The collective of dynamic young artists, based in Brooklyn, New York, who in 2018 initiated The Armenian Creatives, to create a community of support, are alive and well. Ever since the group’s inception, the members have been getting together regularly, “over dinners, across computer screens, and through printed matter . . . to share stories about what it means to find home in diaspora.” Exchanging words, back and forth, created a “community of language” that built the foundation for a projected series of publications, of which the newly released Those words, that offer to us (self-published, with support from the Calouste Gulbenkian Foundation, January 2023), is the first. The elegant 135-page mini-book is evidence that these emerging artists’ creativity, and their commitment to their Armenian history and identity is stronger than ever.
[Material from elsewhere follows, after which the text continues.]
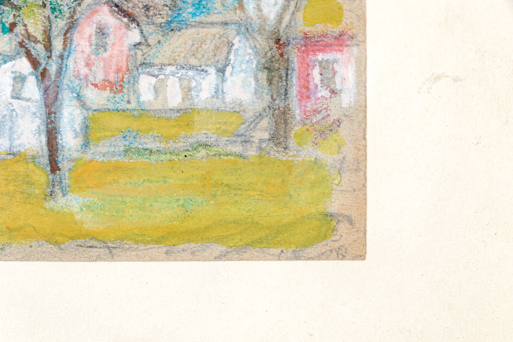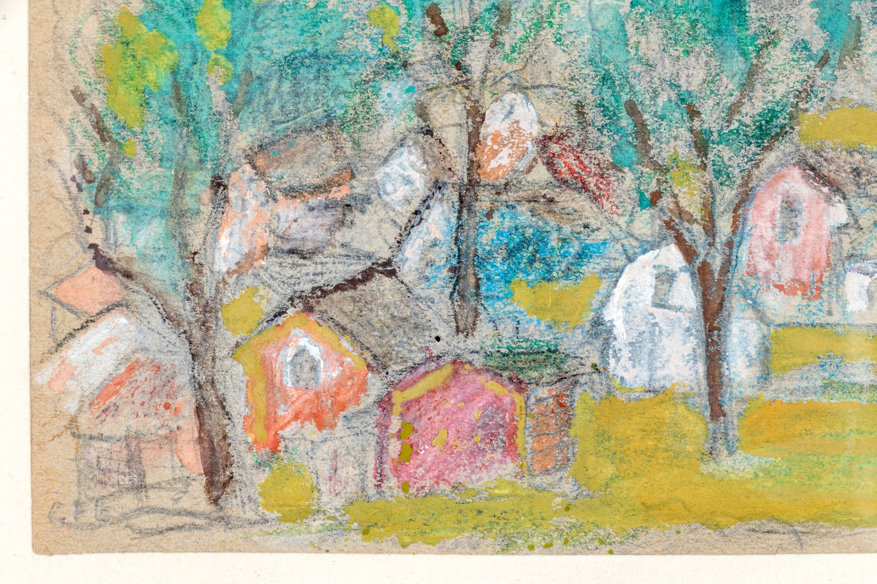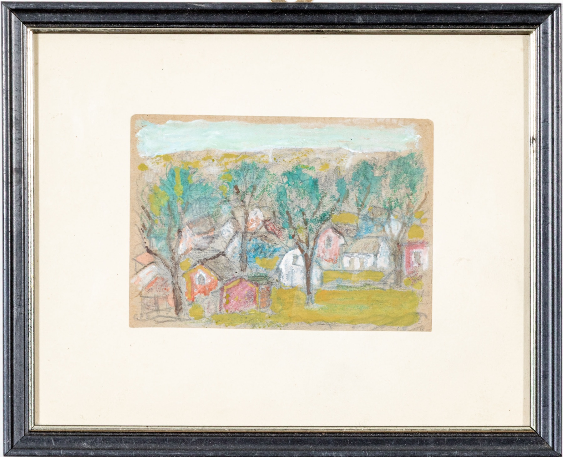 Charlotte Fuller Eastman (American, 1878-1956) mixed media on paper depicting a town with red, pink, and white houses surrounded by tall trees with teal foliage over chartreuse grass beneath a pale blue sky. Appears to be unsigned. With a handwritten label to the verso.
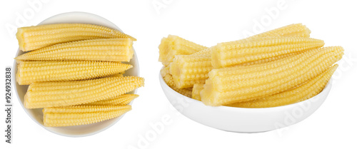 Pickled young baby corn cobs in ceramic bowl isolated on white background Top view. Flat lay

Those words, that offer to us is the first of three publications on translation, an activity which the artists hope will lead to a new way of understanding the language, and hence to improved communication among the various communities of Armenians scattered around the world. Their initiative is, in fact, an attempt to revive Western Armenian, the language spoken by most Diasporan Armenians, which, if not reinforced, is in danger of disappearing. In 2010, Western Armenian joined UNESCO’s list of endangered languages, with the status of “definitely endangered,” which means that it is a language that “children no longer learn as their mother tongue at home.”
Edmond Y. Azadian, the late senior editorial columnist for the Mirror Spectator, expressed his sense of the urgency of the situation in a January 1, 2014 editorial. “There is no remaining center to sustain Western Armenian,” wrote Azadian. It is this same concern that the Armenian Creatives echo, when they “seek to contribute to the sustainability of Western Armenian.”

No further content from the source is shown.